▶ _PROBLEM STATEMENT_: Please restate the data that follows word for word, with the pictures left out.

Dataset records:

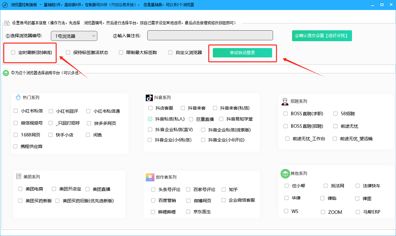 浏览器模式下,如果平台会掉线需要重新登录才可以使用,可以设置自动登录。
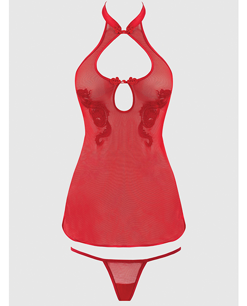 Be a siren in the Dragon Chemise, a sheer spectacle crafted in mesh with enchanting dragons adorning your chest. This slip of a dream is all about the tease. Featuring playful keyholes and an open back that begs to be untied. Complete the enticing look with the matching G-string or dare to bare more. Fabric: CHEMISE: SHELL: 95% NYLON, 5% SPANDEX. SATIN: 100% POLYESTER. PANTY: 95% NYLON, 5% SPANDEX Care: HAND WASH COLD WATER. NON-CHLORINE BLEACH. HANG TO DRY. DO NOT IRON. Large – Bust: 38-39 inches. Waist: 32-33 inches. Low Hips: 41-42 inches. US Dress 10/12.
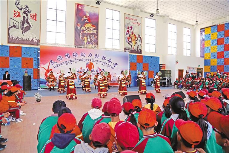 墨竹工卡縣在縣中學(xué)籃球館舉辦中考減壓活動
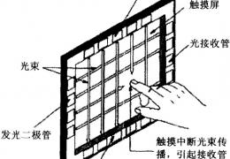 ? 红外多点触摸屏是利用X、Y方向上密布的红外线矩阵来检测并定位人的触摸手势的电子设备。红外触摸屏在显示器的前面安装个电路板外框,电路板在屏幕四边排布红外发射管和红外接
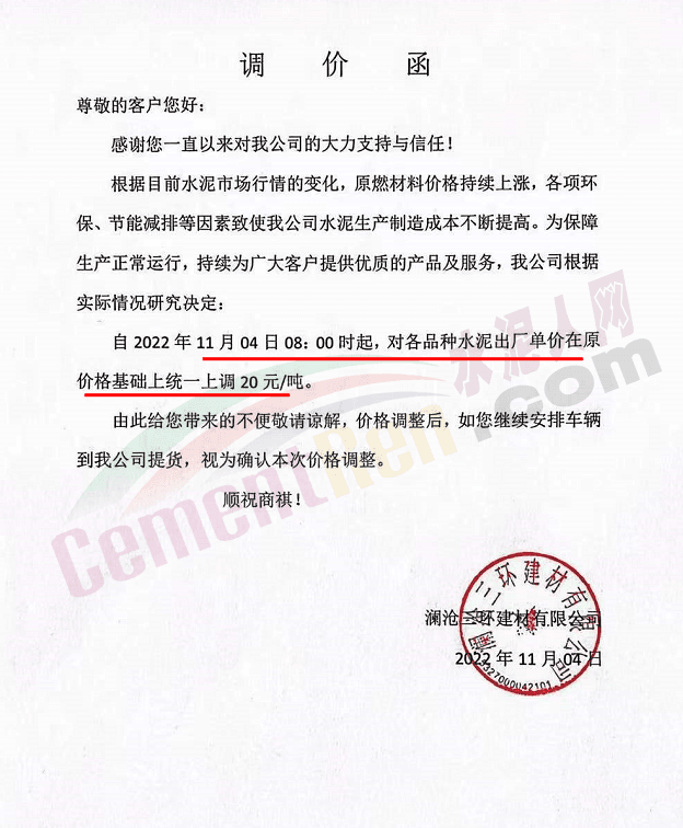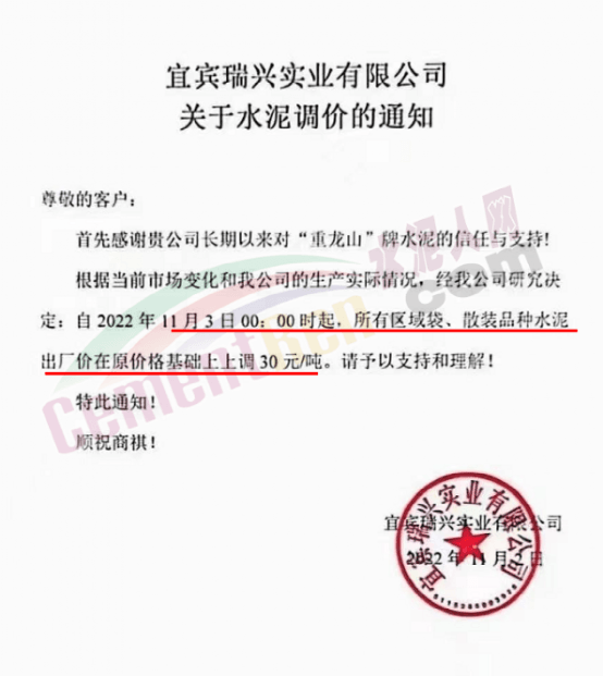 宜興實業(yè)有限公司通知,根據(jù)當前市場變化和公司的生產(chǎn)實際情況,經(jīng)公司研究決定自2022年11月3日0時起,所有區(qū)域袋、散裝品種水泥出廠價在原價格基礎(chǔ)上上調(diào)30元/噸。
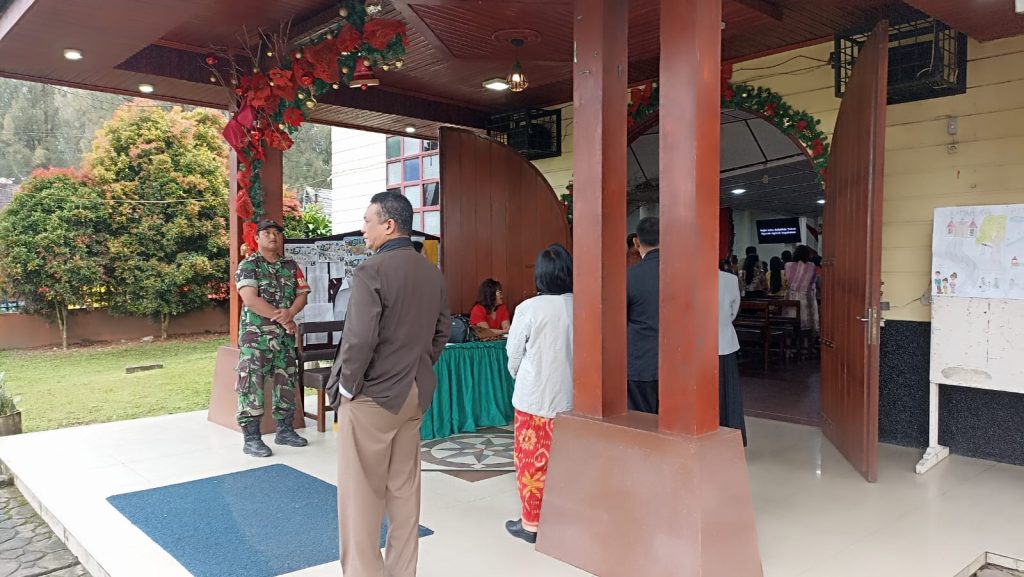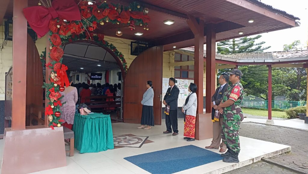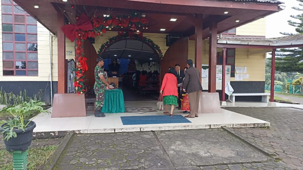 Tanah Karo. Minggu 22/12/2024. Danramil 04/Simpang Empat jajaran Kodim 0205/Tanah Karo Mayor Cke Thamrin Vincent Bangun perintahkan walaupun hari libur agar tetap para Babinsanya termasuk Serka Sujianto dan Serda Arif Hidayat agar tetap melaksanakan Partoli Wilayah Binaan dan Komunikasi Sosial, setelah itu melaksanakan Pam Ibadah Kebaktian Minggu sambil imbauan menjaga keamanan dan ketertiban lingkungan, menjaga kebersihan lingkungan dan tetap menggiatkan jaga Siskamling, menjaga kerukunan hidup antar warga serta waspada bencana alam sambil Pengamanan Ibadah Kebaktian Minggu bersama Majelis GBKP (Gereja Batak Karo Protestan) Kota Berastagi Jalan Bukit Gundaling Kelurahan Gundaling-I Kecamatan Berastagi Kabupaten Karo-Sumut (22/12).

▶ _ANSWER SECTION_:
 浏览器模式下,如果平台会掉线需要重新登录才可以使用,可以设置自动登录。
 Be a siren in the Dragon Chemise, a sheer spectacle crafted in mesh with enchanting dragons adorning your chest. This slip of a dream is all about the tease. Featuring playful keyholes and an open back that begs to be untied. Complete the enticing look with the matching G-string or dare to bare more. Fabric: CHEMISE: SHELL: 95% NYLON, 5% SPANDEX. SATIN: 100% POLYESTER. PANTY: 95% NYLON, 5% SPANDEX Care: HAND WASH COLD WATER. NON-CHLORINE BLEACH. HANG TO DRY. DO NOT IRON. Large – Bust: 38-39 inches. Waist: 32-33 inches. Low Hips: 41-42 inches. US Dress 10/12.
 墨竹工卡縣在縣中學(xué)籃球館舉辦中考減壓活動
 ? 红外多点触摸屏是利用X、Y方向上密布的红外线矩阵来检测并定位人的触摸手势的电子设备。红外触摸屏在显示器的前面安装个电路板外框,电路板在屏幕四边排布红外发射管和红外接
 宜興實業(yè)有限公司通知,根據(jù)當前市場變化和公司的生產(chǎn)實際情況,經(jīng)公司研究決定自2022年11月3日0時起,所有區(qū)域袋、散裝品種水泥出廠價在原價格基礎(chǔ)上上調(diào)30元/噸。
 Tanah Karo. Minggu 22/12/2024. Danramil 04/Simpang Empat jajaran Kodim 0205/Tanah Karo Mayor Cke Thamrin Vincent Bangun perintahkan walaupun hari libur agar tetap para Babinsanya termasuk Serka Sujianto dan Serda Arif Hidayat agar tetap melaksanakan Partoli Wilayah Binaan dan Komunikasi Sosial, setelah itu melaksanakan Pam Ibadah Kebaktian Minggu sambil imbauan menjaga keamanan dan ketertiban lingkungan, menjaga kebersihan lingkungan dan tetap menggiatkan jaga Siskamling, menjaga kerukunan hidup antar warga serta waspada bencana alam sambil Pengamanan Ibadah Kebaktian Minggu bersama Majelis GBKP (Gereja Batak Karo Protestan) Kota Berastagi Jalan Bukit Gundaling Kelurahan Gundaling-I Kecamatan Berastagi Kabupaten Karo-Sumut (22/12).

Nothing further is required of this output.